## [Work request]
Below is a listing to repeat exactly, with its pictures left out.

Dataset excerpt START

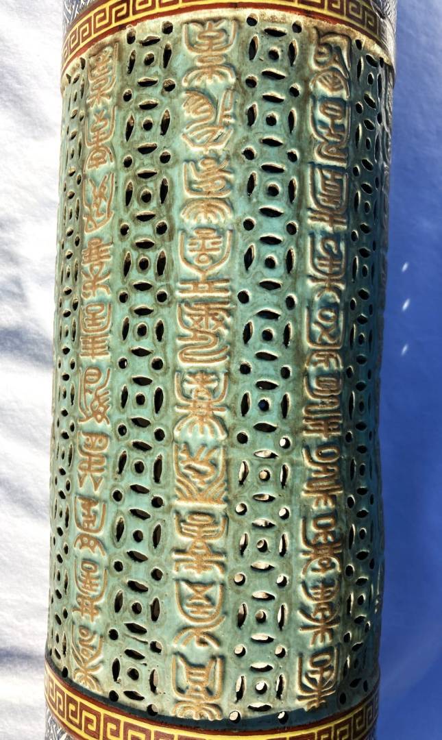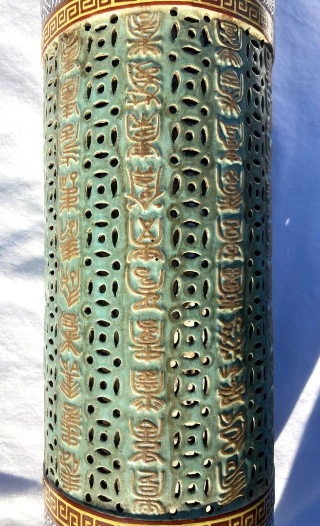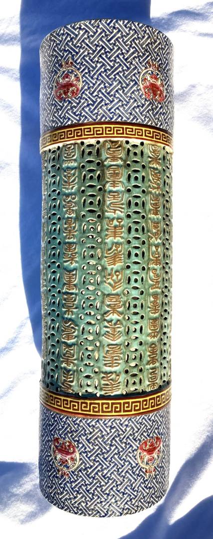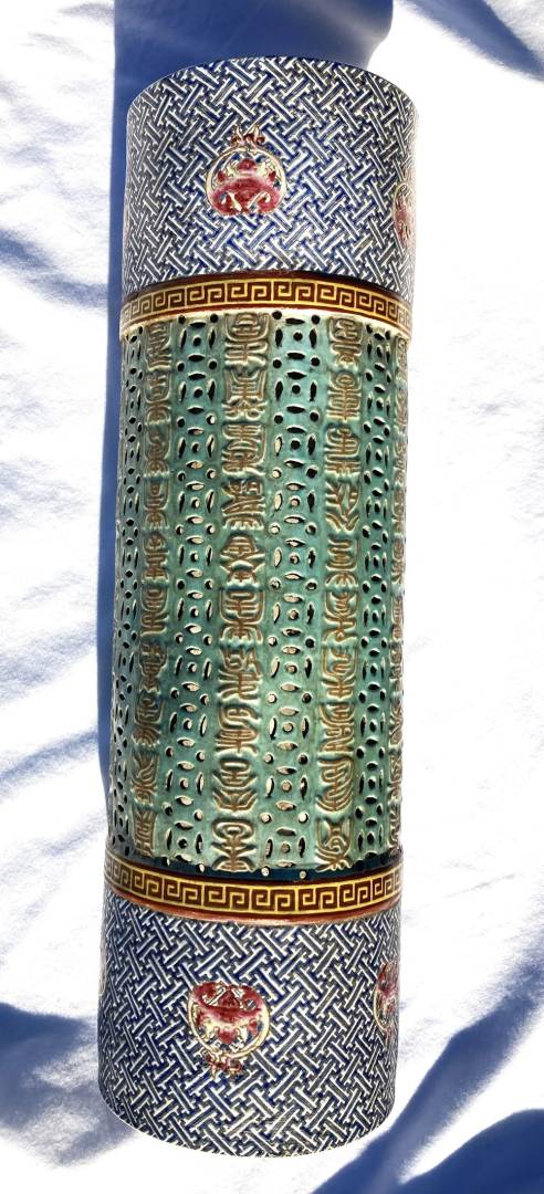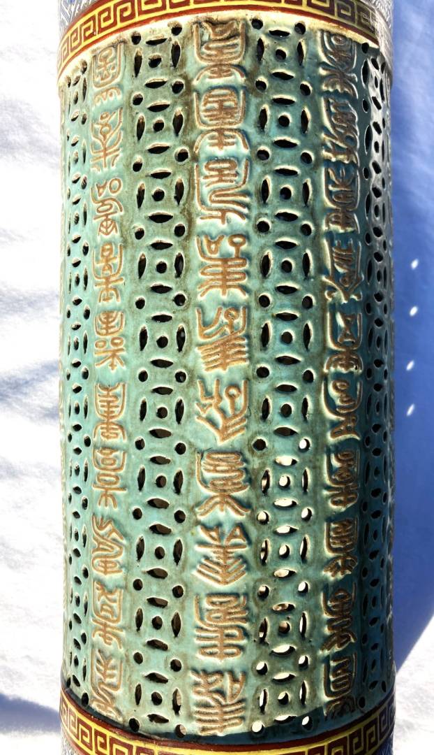 Really interesting I believe 18th century large Chinese Porcelain Famille Rose cylinder Candle Holder / Incense Burner possibly for a Buddhist Temple. Measures 17 inches high with a 5 inch diameter. Would have had a fancy wood pedestal where a Candle or Incense would sit in the middle in some kind of porcelain cup and send light out of the holes in the middle area or incense smoke. Looks to be early construction with the 4.5 inch top and bottom cylinders being formed on a potter's wheel than attached to the middle area that is a molded piece by hand. The main part I need help in is the Translation of 10 rows of Chinese Calligraphy down the middle of the piece. It is all in raised embossed gold enameled characters. I do not know where its supposed to start or end but the Translation could help to make sense of that. Also any other knowledgeable information would be highly appreciated! Thank You for your Help! Gary K
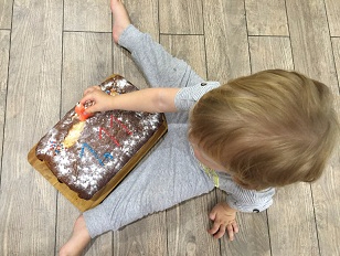 Начали готовиться к предстоящему дню рожденья. Тренируемся в задувании свечи
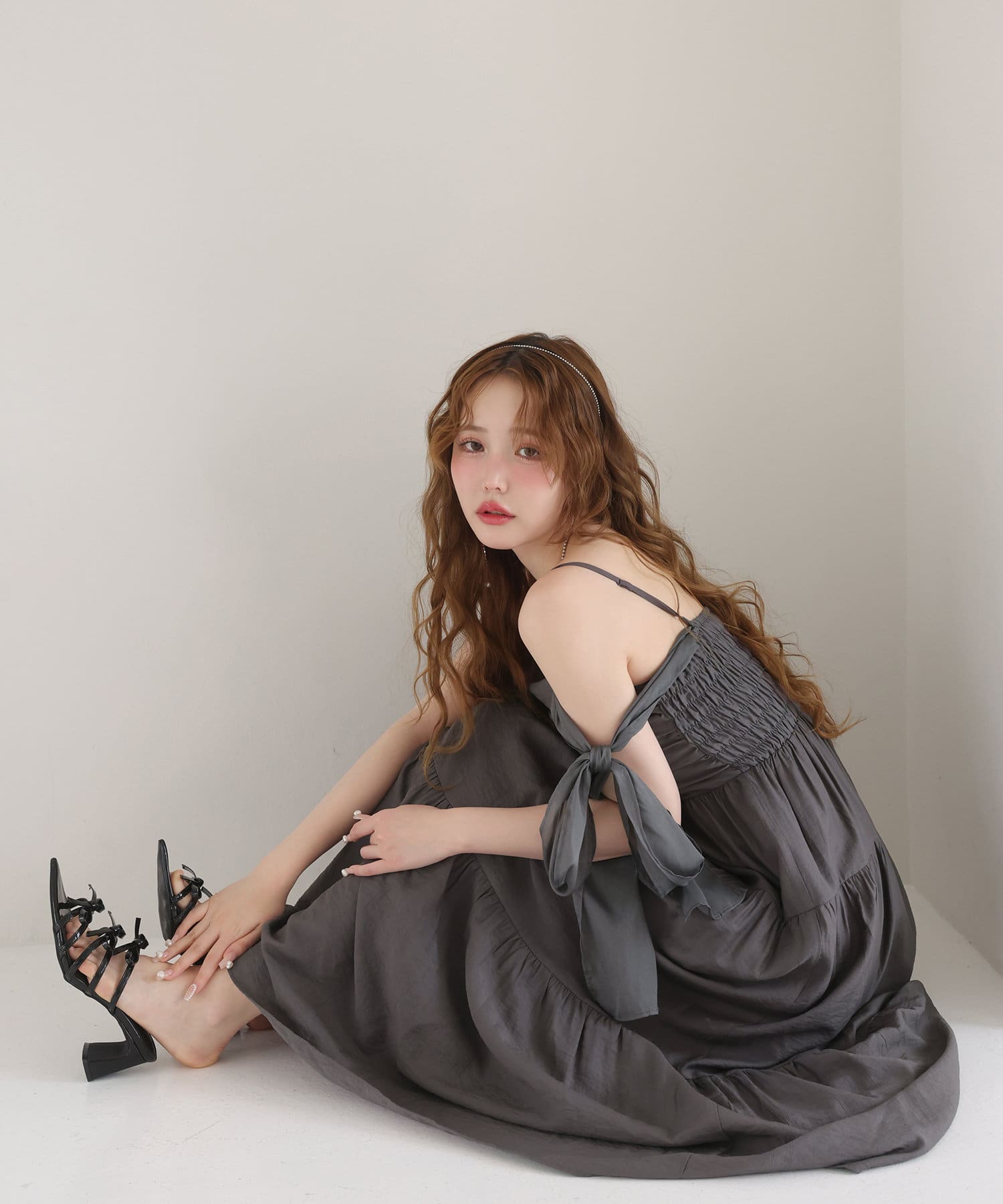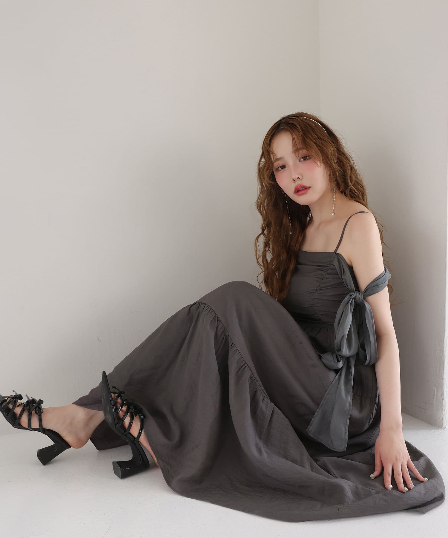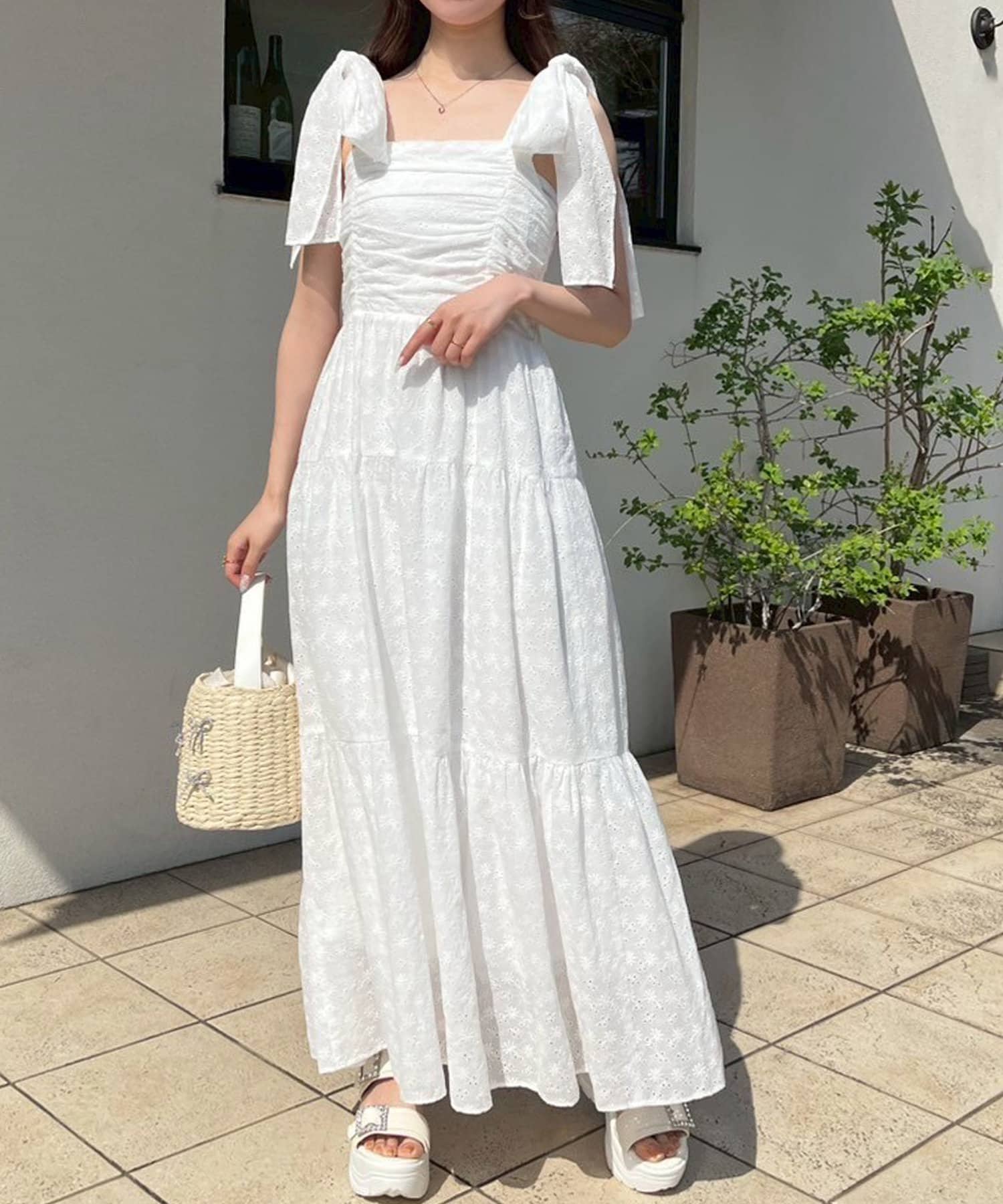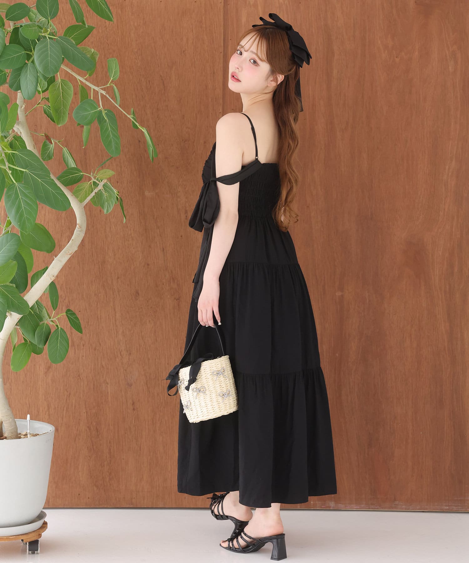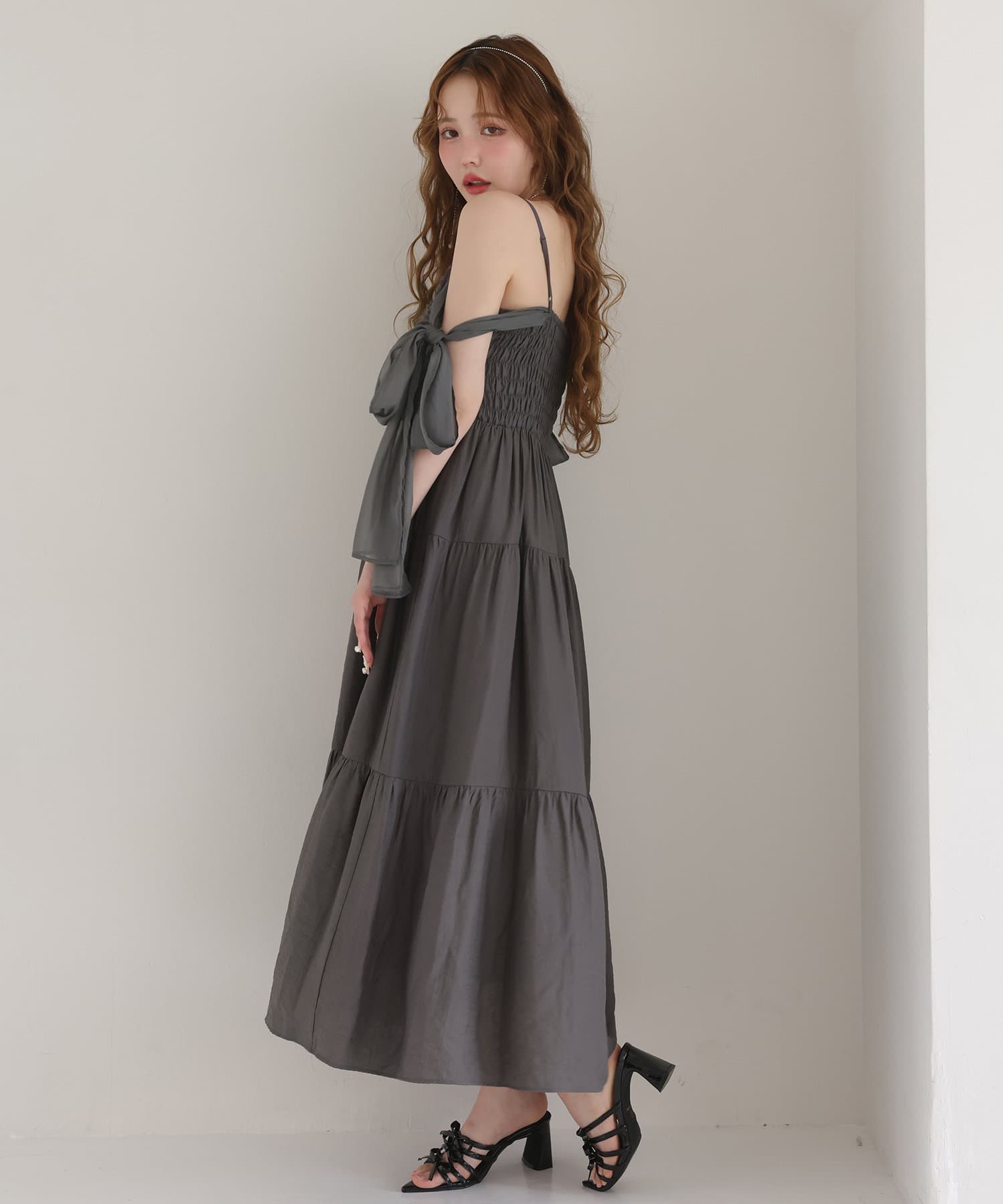 肩リボンティアードキャミワンピース

Dataset excerpt END

## [Exercise solution]
 Really interesting I believe 18th century large Chinese Porcelain Famille Rose cylinder Candle Holder / Incense Burner possibly for a Buddhist Temple. Measures 17 inches high with a 5 inch diameter. Would have had a fancy wood pedestal where a Candle or Incense would sit in the middle in some kind of porcelain cup and send light out of the holes in the middle area or incense smoke. Looks to be early construction with the 4.5 inch top and bottom cylinders being formed on a potter's wheel than attached to the middle area that is a molded piece by hand. The main part I need help in is the Translation of 10 rows of Chinese Calligraphy down the middle of the piece. It is all in raised embossed gold enameled characters. I do not know where its supposed to start or end but the Translation could help to make sense of that. Also any other knowledgeable information would be highly appreciated! Thank You for your Help! Gary K
 Начали готовиться к предстоящему дню рожденья. Тренируемся в задувании свечи
 肩リボンティアードキャミワンピース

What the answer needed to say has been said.